What you are asked to do - Starting with the line that contains "zakka風diy牛皮紙居家雜物抽屜式收納盒辦公桌面整理盒" and ending with the last line of the entries, repeat exactly those lines and nothing else, pictures excluded.

Extracted records
——————
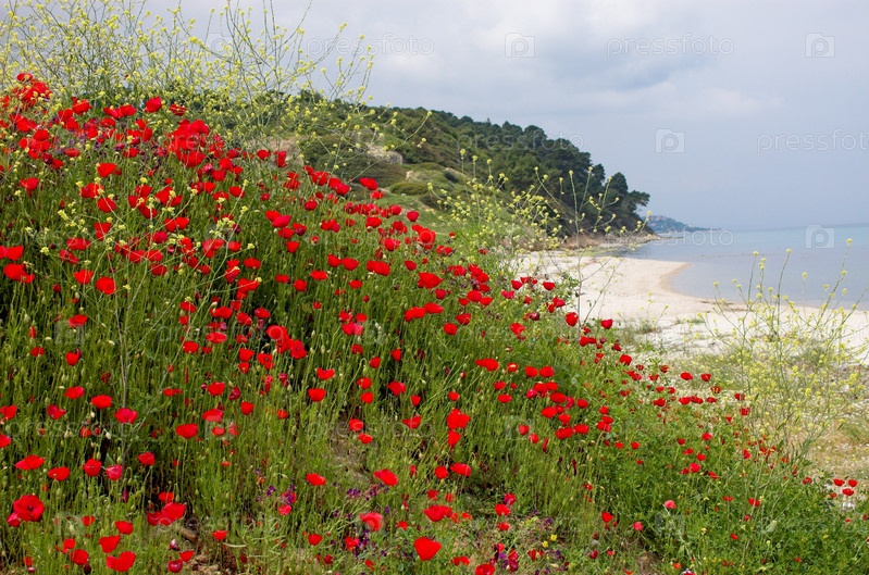 Маки и морской пейзаж
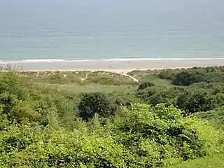 - un talus herbeux et sablonneux (qui correspond au rebord de plateau ou falaise morte) de 30 m à 50 mètres de haut dominant tout ce qui précède ;
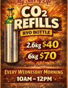 Bring in your own CO₂ bottle for refill. Bottles are refilled Wednesday mornings between 10:00am and 12:00pm. Simply drop your bottle off during the week, and we’ll contact you when it’s ready for collection.
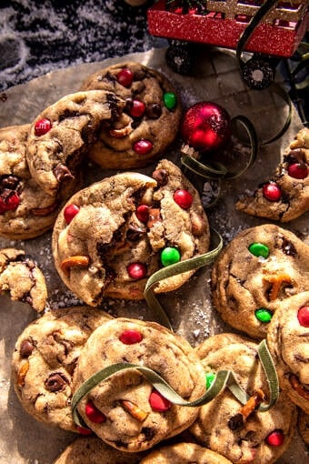Made with browned butter, holiday M&M's, pretzels, chocolate chips, and chunks of dark chocolate…so yummy!
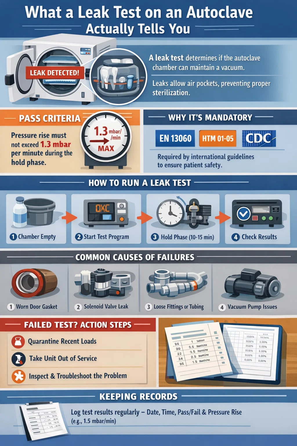 Wenn ein Dentalautoklav die Dichtheitsprüfung nicht besteht, liegt die Ursache fast immer in einem vorhersehbaren Satz von Komponenten. Wenn Sie wissen, wo Sie zuerst suchen müssen, sparen Sie viel Zeit bei der Diagnose.
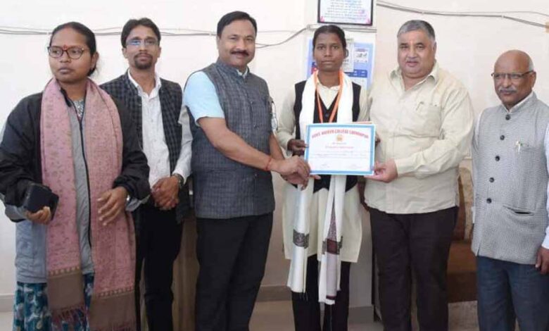 पर्यटन मंत्री  राजेश अग्रवाल ने हैमर थ्रो में राज्य स्तर पर तृतीय स्थान प्राप्त करने वाली छात्रा सुधा सिंह को किया सम्मानित
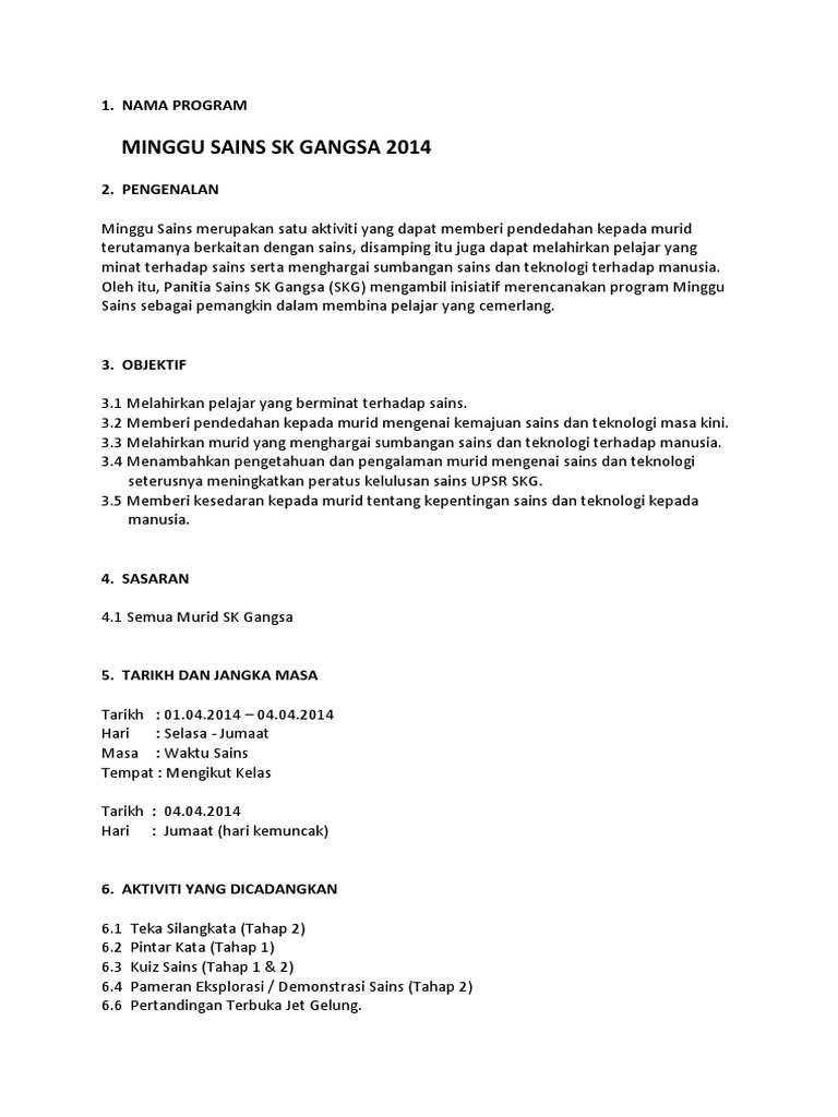 Contoh Kertas Kerja Minggu Sains
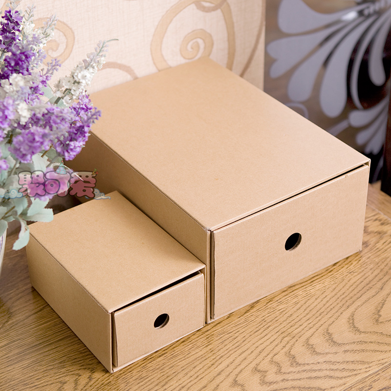 zakka風diy牛皮紙居家雜物抽屜式收納盒辦公桌面整理盒
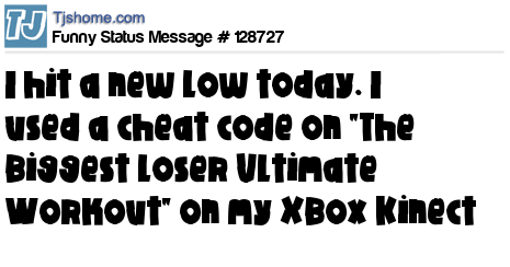 X I hit a new low today. I used a cheat code on "The Biggest Loser Ultimate Workout" on my XBox Kinect
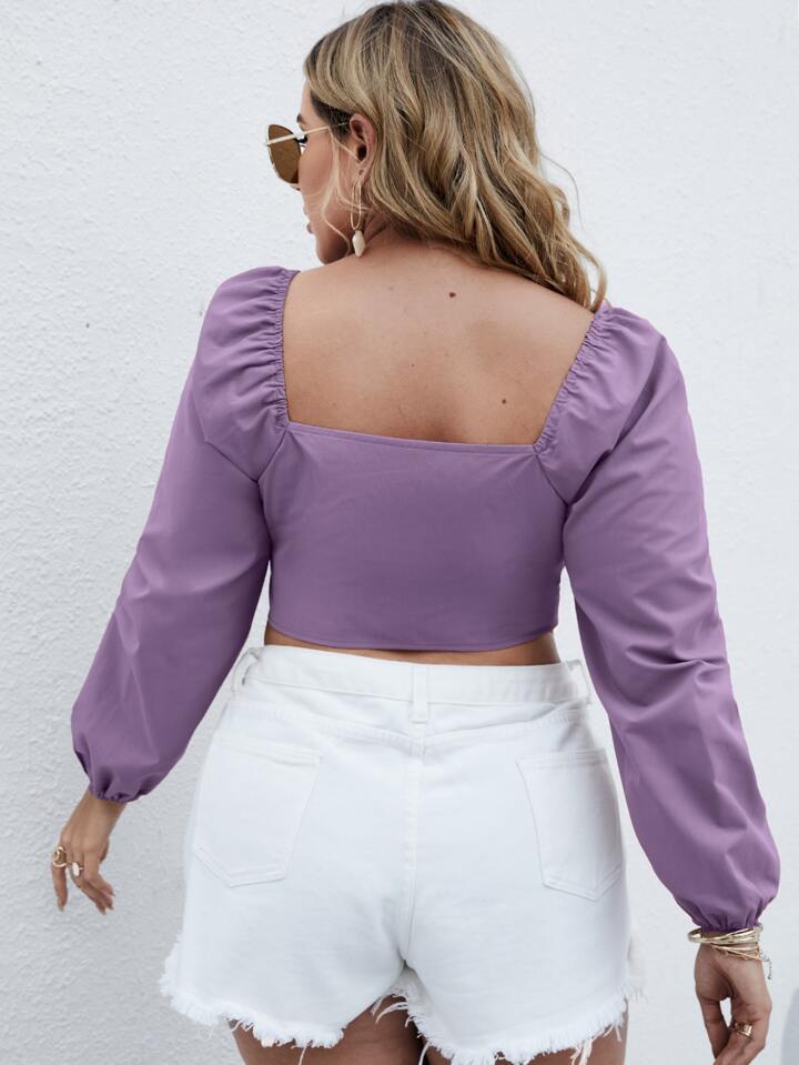 Plus Solid Lace Up Crop Top
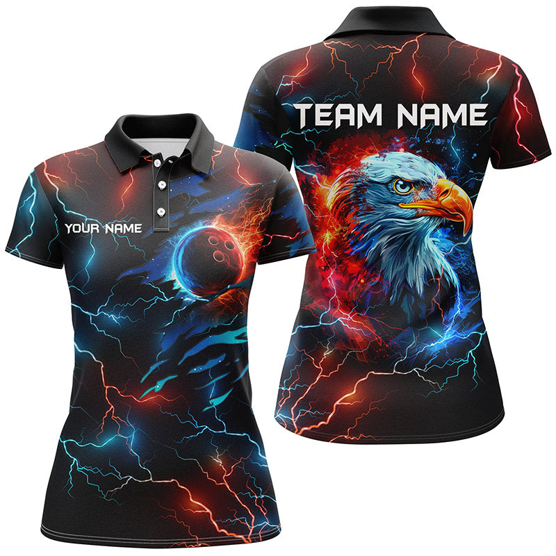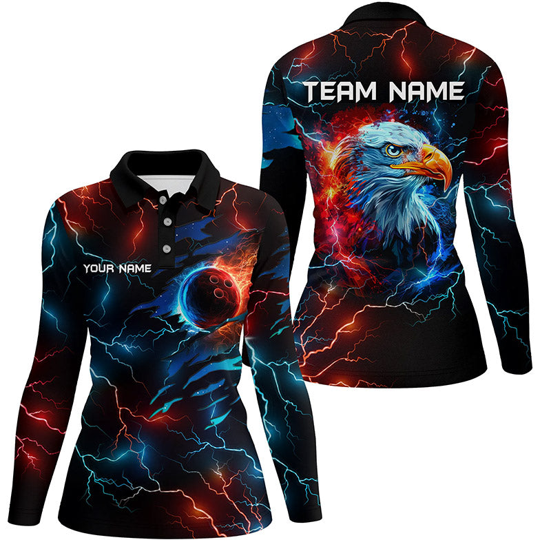 Red and Blue lightning thunder bowling Eagle custom Women Bowling Polo, Quarter Zip Shirt team jerseys NQS7890
——————
Result below -
 zakka風diy牛皮紙居家雜物抽屜式收納盒辦公桌面整理盒
 X I hit a new low today. I used a cheat code on "The Biggest Loser Ultimate Workout" on my XBox Kinect
 Plus Solid Lace Up Crop Top
 Red and Blue lightning thunder bowling Eagle custom Women Bowling Polo, Quarter Zip Shirt team jerseys NQS7890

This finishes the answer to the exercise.